* Recorded information *
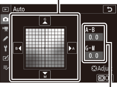 Pressione J para salvar as configurações e retornar ao menu de disparo de fotos. Se um valor diferente de zero for selecionado para o eixo G reen– M agenta, um asterisco (“ U ”) aparecerá próximo ao ícone de balanço de branco na tela de disparo.
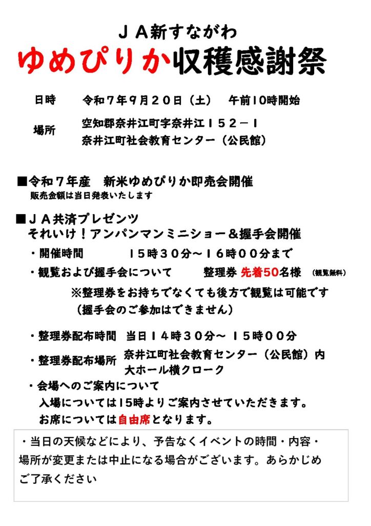 ゆめぴりか収穫感謝祭 9月20日(土)
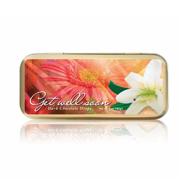 Indulge in our 3oz Get Well Soon gourmet dark chocolate tin. Made with rich, decadent dark chocolate, this treat is sure to lift anyone's spirits during recovery. A thoughtful gift to wish someone a speedy recovery.

* What you should do *
Output all of the data exactly. Skip the pictures.

* Response to the exercise *
 Pressione J para salvar as configurações e retornar ao menu de disparo de fotos. Se um valor diferente de zero for selecionado para o eixo G reen– M agenta, um asterisco (“ U ”) aparecerá próximo ao ícone de balanço de branco na tela de disparo.
 ゆめぴりか収穫感謝祭 9月20日(土)
 Indulge in our 3oz Get Well Soon gourmet dark chocolate tin. Made with rich, decadent dark chocolate, this treat is sure to lift anyone's spirits during recovery. A thoughtful gift to wish someone a speedy recovery.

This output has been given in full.